Вот и сказано. Столько боялся этого, по ночам вскакивал, планы разрабатывал, как бы вывернуться, как бы спастись. От каждого письма пóтом обливался. На звонки не отвечал. А теперь, когда уже сказано все, то и не страшно.
– Ну так я работаю, дело это, знаете ли, непростое. – Врать становится легко и приятно. – Поэпизодник у меня не пошел, вычеркнул половину, стало пусто, пришлось новые линии продумывать. Арку никак не зафиналю, представляете?
Зуев смотрит тяжело, но не перебивает, а я все плету и плету.
– Опять же, два месяца – это шестьдесят дней, если по тысяче слов за день, то шестьдесят тысяч!.. – И останавливаюсь, потому что большей ерунды уже не придумать.
Зуев сдержанно смеется.
– Прохвост ты, Мишка, – говорит он, и я вспоминаю, что мужик он, по сути, хороший.
Вон как у нас с ним в гору все поперло.

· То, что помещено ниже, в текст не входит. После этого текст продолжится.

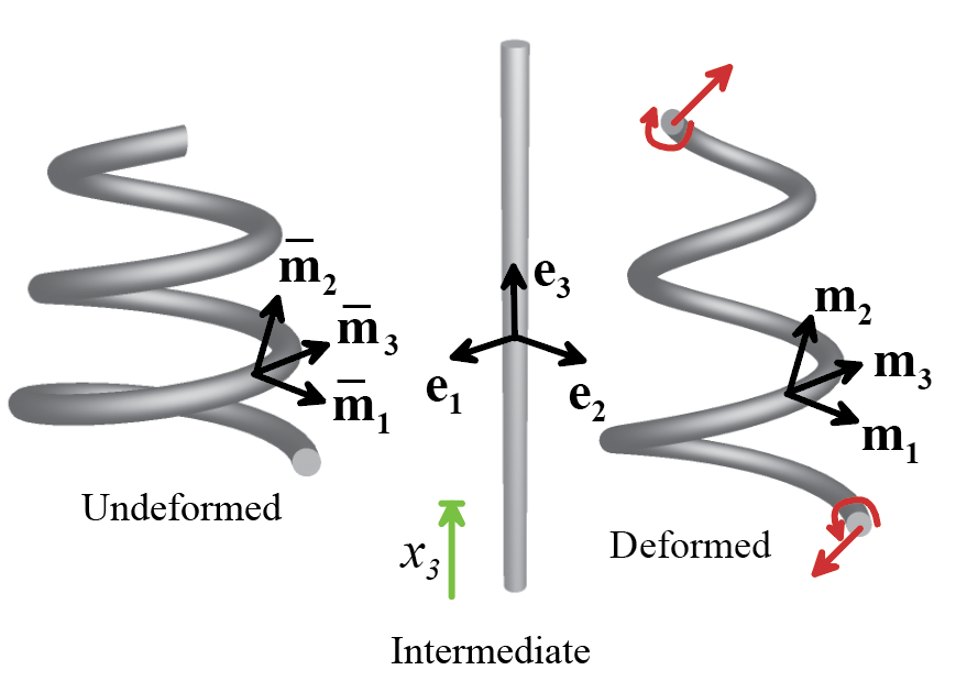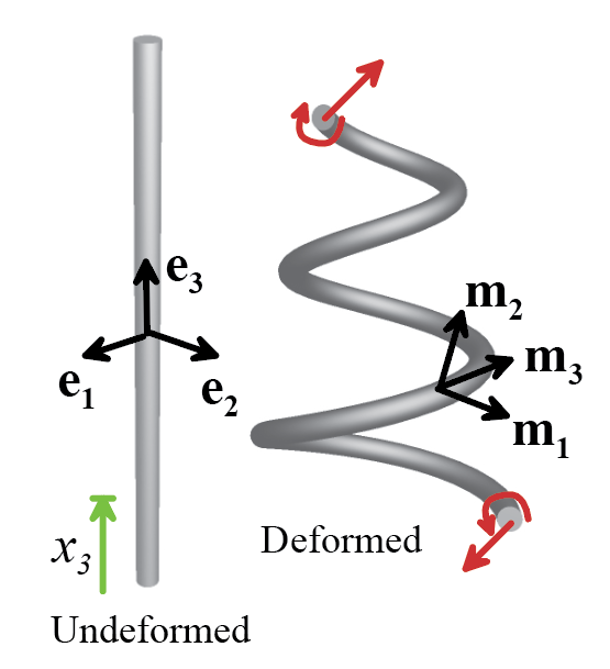 perpendicular unit vectors , chosen so that is parallel to the axis of the deformed rod,

Жалко подводить. Но время стремительно приближается к четырем, и шанс подвести всех, а себя так и вовсе под монастырь, увеличивается в геометрической прогрессии.
– Константин Дмитриевич, не давите вы на меня! – примирительно прошу я, поднимаясь с кресла. – Все сдам в срок. Клянусь.
– Ты бы хоть кусочек мне прислал, – плаксиво морщится он. – Если я на тебя давлю, то представь, как они на меня давят! – Кряжистый палец упирается в потолок, и выглядит он, мясистый и волосатый, крайне внушительно. – Там такие люди подвязаны! На выход-то! По тебе диктант читать будут, этот, как его?..
– Тотальный.
– Вот! Тотальный! Надо отрывок выбрать, требуют уже, а у меня ни фрагмента ознакомительного, ни синопсиса. Ты хоть его пришли!
В ушах поднимается гул, я уже не слышу – я вижу, как слова вылетают из-под жестких усов Зуева и летят в меня, чтобы побольней ударить, выбить всю эту дурь. А времени уже четвертый час. Катюша пробудилась, может, чайку заварила, попила чуток, села в креслице у двери и ждет. Ждет-пождет, когда же Мишенька ее прибудет, обещался к четырем. К четырем, родненький, обещался приехать. А Миша тут под шквальным огнем стоит. И никуда не едет.
– Ничего я вам не пришлю, – отметаю я. – Опять кто-нибудь да сольет.
Зуев захлебывается возмущением, но я безжалостен. Я добиваю:
– Псевдоним слили. И текст сольют.
Было дело. Договаривались на берегу – быть Мишке Тетерину теперь иноземным автором, ребенком иммиграции, стонущей по Родине душой. А как первый тираж с предзаказа ушел, так сразу вся правда и всплыла. Кто выдал – неизвестно. Если есть на небе Боженька, спасибо ему за этот карт-бланш.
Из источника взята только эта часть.